== Segment start ==

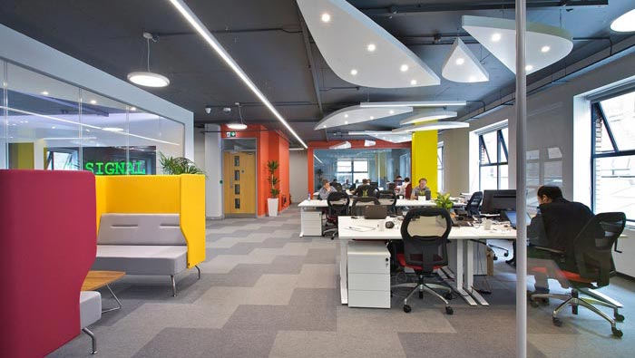 科技公司辦公室辦公區(qū)設(shè)計:設(shè)計師在設(shè)計的時候,將辦公工位按照空間的順序進(jìn)行豎向排列,以此既滿足企業(yè)對于工位數(shù)量的要求,同時也盡量的將空間拉開避免出現(xiàn)空間的過渡密集,開放式的設(shè)計讓員工在工作中有了更多的交流,彼此之間的相互交流有助于增加企業(yè)內(nèi)部的向心力。
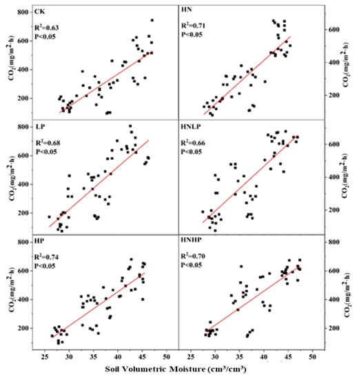 N and P additions and other climatic factors could interactively affect the change in soil CO2 efflux. The correlation analyses indicated a significant positive correlation between soil temperature and CO2 efflux under all treatments, showing an increasing trend with increasing soil temperature (Figure 2). Soil temperature explained 76–82% of the variations in soil CO2 emissions, among which the HN treatment had the highest correlation, and the HNHP treatment had the lowest interpretation rate. However, all treatments had higher correlation coefficients than the control (69%), indicating that N and P addition increased the sensitivity of soil CO2 emission to soil temperature. Soil CO2 emissions showed a significant positive correlation with soil moisture under the control and all treatment plots (Figure 3). The interpretation rates of soil moisture ranged from 63% to 74%, with the highest interpretation rate in the HP treatment and the lowest in the HNLP treatment, but all treatments were higher than the control.
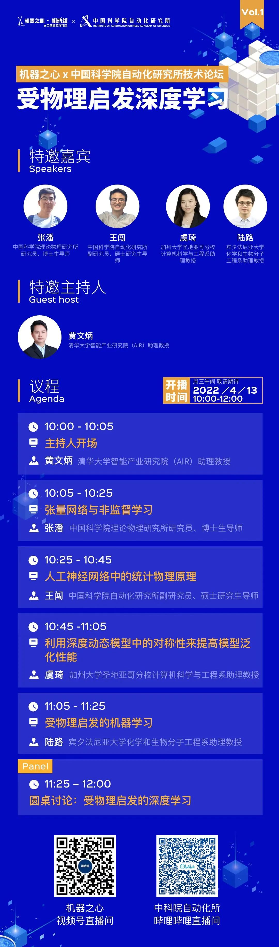 4月13日10:00 - 12:00,「机器之心 x 中科院自动化所技术论坛」第一期在线上举办,以「受物理启发的深度学习」为主题,特邀清华大学智能产业研究院(AIR)助理教授黄文炳主持,多位领域专家做技术分享,聚焦受物理启发的深度学习,核心受众为机器学习领域硕博研究生。

== Segment end ==

Task to carry out: Set down the data exactly as it appears, without any images.

Reply:
 科技公司辦公室辦公區(qū)設(shè)計:設(shè)計師在設(shè)計的時候,將辦公工位按照空間的順序進(jìn)行豎向排列,以此既滿足企業(yè)對于工位數(shù)量的要求,同時也盡量的將空間拉開避免出現(xiàn)空間的過渡密集,開放式的設(shè)計讓員工在工作中有了更多的交流,彼此之間的相互交流有助于增加企業(yè)內(nèi)部的向心力。
 N and P additions and other climatic factors could interactively affect the change in soil CO2 efflux. The correlation analyses indicated a significant positive correlation between soil temperature and CO2 efflux under all treatments, showing an increasing trend with increasing soil temperature (Figure 2). Soil temperature explained 76–82% of the variations in soil CO2 emissions, among which the HN treatment had the highest correlation, and the HNHP treatment had the lowest interpretation rate. However, all treatments had higher correlation coefficients than the control (69%), indicating that N and P addition increased the sensitivity of soil CO2 emission to soil temperature. Soil CO2 emissions showed a significant positive correlation with soil moisture under the control and all treatment plots (Figure 3). The interpretation rates of soil moisture ranged from 63% to 74%, with the highest interpretation rate in the HP treatment and the lowest in the HNLP treatment, but all treatments were higher than the control.
 4月13日10:00 - 12:00,「机器之心 x 中科院自动化所技术论坛」第一期在线上举办,以「受物理启发的深度学习」为主题,特邀清华大学智能产业研究院(AIR)助理教授黄文炳主持,多位领域专家做技术分享,聚焦受物理启发的深度学习,核心受众为机器学习领域硕博研究生。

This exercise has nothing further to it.